2020/01/30 LeetCode 共 1666 字,约 5 分钟

题目地址:Best Time to Buy and Sell Stock III - LeetCode

买股票系列题目:

Say you have an array for which the ith element is the price of a given stock on day i.

Design an algorithm to find the maximum profit. You may complete at most two transactions.

Note: You may not engage in multiple transactions at the same time (i.e., you must sell the stock before you buy again).

Example 1:

Input: [3,3,5,0,0,3,1,4]
Output: 6
Explanation: Buy on day 4 (price = 0) and sell on day 6 (price = 3), profit = 3-0 = 3.
             Then buy on day 7 (price = 1) and sell on day 8 (price = 4), profit = 4-1 = 3.

Example 2:

Input: [1,2,3,4,5]
Output: 4
Explanation: Buy on day 1 (price = 1) and sell on day 5 (price = 5), profit = 5-1 = 4.
             Note that you cannot buy on day 1, buy on day 2 and sell them later, as you are
             engaging multiple transactions at the same time.
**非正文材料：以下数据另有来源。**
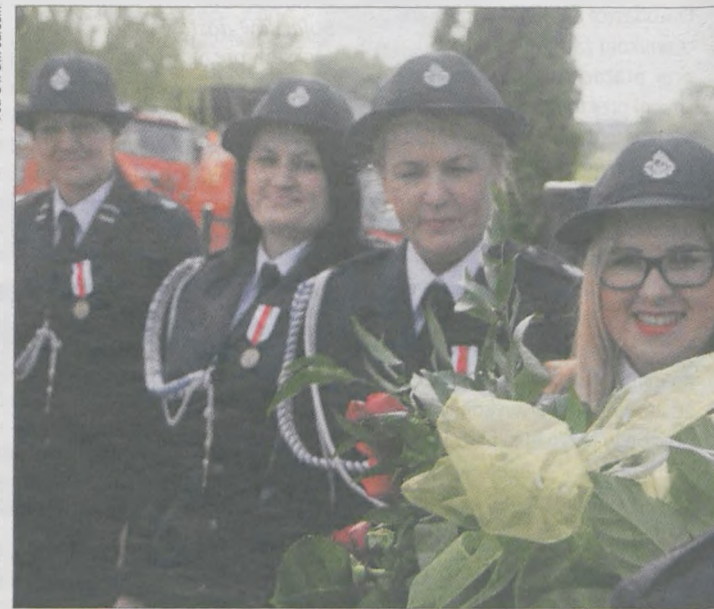
Odznaczone Brązowym Medalem za zasługi dla pożarnictwa członkinie jednostki OSP w Kadziaku

You must sell before buying again.

Example 3:

Input: [7,6,4,3,1]
Output: 0
Explanation: In this case, no transaction is done, i.e. max profit = 0.

这道题目乍一看用贪心可以做,可以过题目给的样例,但实际上并不行,考虑样例如下:

[1,3,2,7]

这道题目看起来跟这道很像:LeetCode 122. Best Time to Buy and Sell Stock II–贪心–Java,C++,Python解法,但其实不一样。

感觉应该用动态规划来做,但不好做。

我想不出解法,看了别人的做法,感觉很神奇。

Python解法如下:

class Solution:
    def maxProfit(self, prices: List[int]) -> int:
        if prices == []:
            return 0
        buyOne = 0x7ffffff
        SellOne = 0
        buyTwo = 0x7ffffff
        SellTwo = 0
        for p in prices:
            buyOne = min(buyOne, p)
            SellOne = max(SellOne, p - buyOne)
            buyTwo = min(buyTwo, p - SellOne)
            SellTwo = max(SellTwo, p - buyTwo)
        return SellTwo

下面以[1, 3, 2, 7]为例:

初始值1327
buyOne0x7ffffff1111
SellOne00226
buyTwo0x7ffffff1100
SellTwo00227

可以看出buyOne变量代表的是全局最小值,SellOne变量代表的是只买卖一次股票的全局的最大获利

buyTwo变量表示的是用获利的钱(只买卖一次的全局最多的钱)购买当天股票后剩余的钱,SellTwo变量代表买卖股票2次获利最多的钱。

解法真的很神奇。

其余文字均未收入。